Mayor Sam Katz called the cost increase "extremely reasonable," noting detailed designs on construction projects of this scale are not conducted at the start. Officials expect the final price to be anywhere from 20 to 30 per cent lower or higher, Katz said.

The potential price-range variation, however, should be made public when projects are announced so citizens better understand how the process works. Katz said he will make sure that is done in the future.

"That's the way I can assure you you'll see it done in the future on (project) estimates," he said. "But in the meantime, I still think there is significant value in this, there's no question about it."

Cost overruns on the old police headquarters led to the current situation. The Winnipeg Police Service struck a deal to purchase the Canada Post Building for $30 million in 2009, after abandoning a plan to repair the limestone cladding on the existing Public Safety Building on Princess Street. That project's price tag ballooned to at least $65 million in 2009 from $19 million in 2006, partly because of the unanticipated cost of moving police into secure, temporary offices in other buildings while the crumbling Tyndall stone exterior was being replaced on the 46-year-old Public Safety Building.

The Winnipeg Police Service spent 18 months examining whether the 10-storey Canada Post building could house a variety of offices, including evidence rooms, the stolen-auto unit, crime analysis, community relations, criminal investigations and a police museum. But police officials did not discover serious problems with the building envelope -- the physical barrier between the interior and exterior environment -- as well as the foundation, senior city hall sources said Thursday, speaking under condition of anonymity.

The city has enlisted construction expert Ossama AbouZeid, the Winnipeg Football Club's new CEO, to assist with the police headquarters conversion. AbouZeid was selected because of his experience with the new football stadium underway at the University of Manitoba.

The Winnipeg Police Service contends the PSB is too small for police operations but the cost of building a new facility would be even more expensive. Consolidating police units and about 1,200 officers in the Canada Post building will give the service a stronger downtown presence, the service maintains.

Canadian Taxpayers Federation Prairie director Colin Craig said the police station is the latest in a long list of Winnipeg projects plagued by cost overruns, including the new football stadium, airport and human rights museum. Craig said government officials need to ensure their agreements with developers are "iron-clad" and agree on a fixed price so big projects come in on time and on budget.

"If you agree to a price on a project why are you letting them off the hook when the price goes so much higher?" Craig said. "If you agree to build a house for $300,000 and the contractor comes back and says it'll cost more, a lot of people say, 'Well, see you in court.' "

Katz said the city is still getting a good deal compared to the East District police station, slated to cost $379 per square foot.

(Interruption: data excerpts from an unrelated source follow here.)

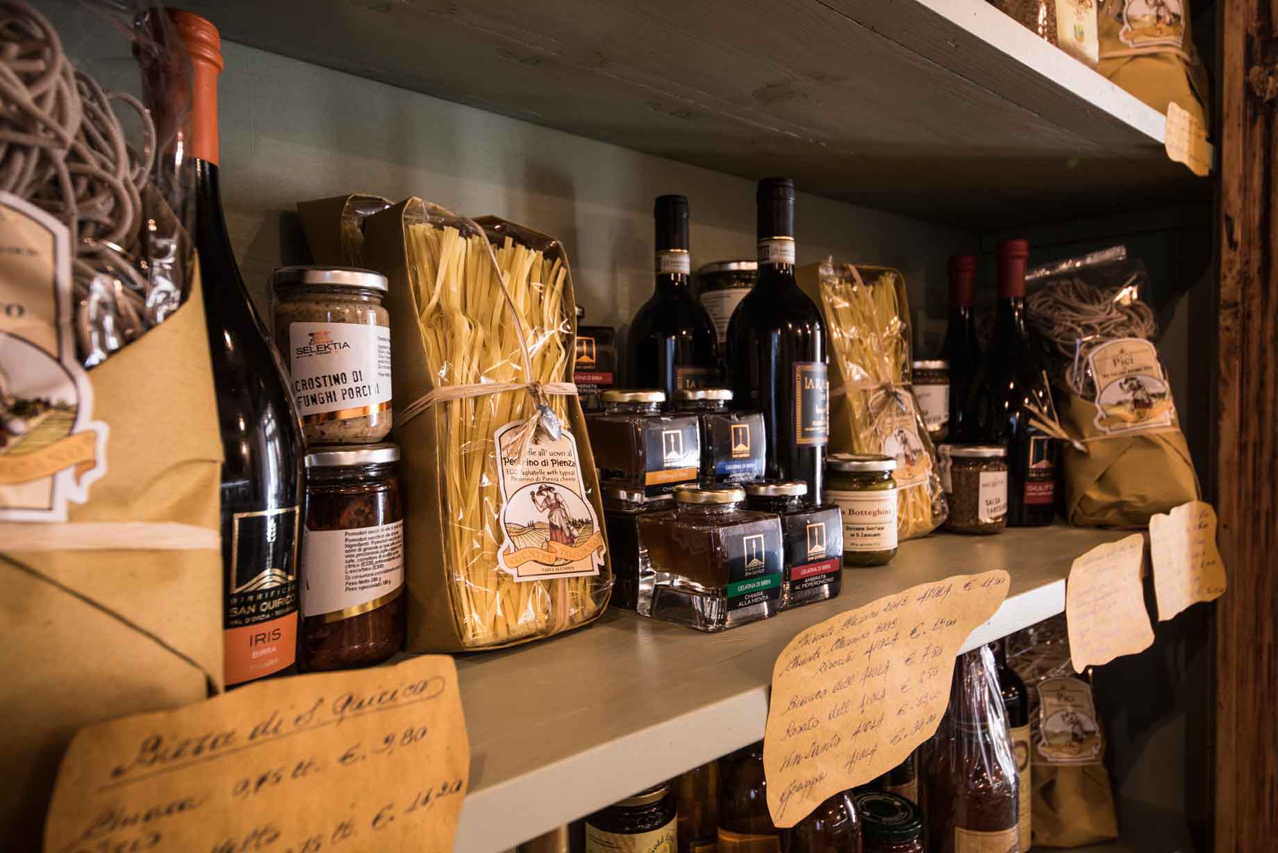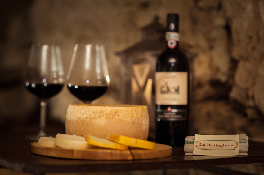 La selezione di formaggi è effettuata tra artigiani del gusto ed aziende casearie agricole in grado di produrre ancora secondo tecniche tradizionali. Tipico di queste zone è il pecorino delle Crete Senesi, un formaggio caratteristico che vanta una tradizione e lavorazione unica al mondo, prodotto con latte di pecora (pecore libere di pascolare in luoghi ricchi di erbe profumate). La crosta abbucciata, a seconda della durata della stagionatura varia dal colore giallo al rosso per il trattamento con olio o pomodoro.
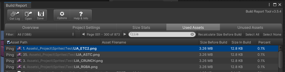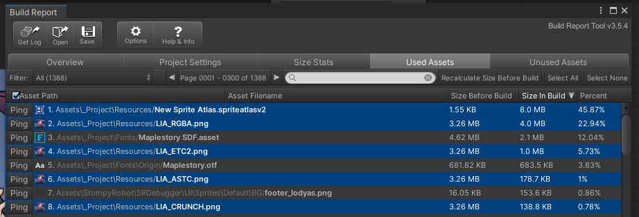 빌드 리포트에서 본 스프라이트의 용량. 원본 스프라이트의 용량은 138KB ~ 4MB까지 다양하지만 모두 12.8KB로 통일되었다.
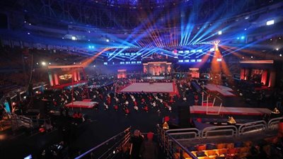 تشهد الصالة المغطاة رقم 1 باستاد القاهرة الدولي التجهيزات الأخيرة لاستضافة كأس العالم للجمباز الفنى رجال

Transcona Coun. Russ Wyatt said the city should consider ways to offset the additional cost, including consolidating additional district stations into the new building.

"If the price has shot up this much why aren't we finding efficiencies elsewhere?" he said.

The cost escalation at the police headquarters is the worst for a major city project since 2006, when the price tag for upgrades to the West End Water Pollution Control Centre ballooned to $47 million from $26 million. This overrun led the city to pursue a private partnership for future waste-water upgrades.

Katz called the comparison between the police headquarters and the sewage-treatment plant an apples-to-oranges comparison.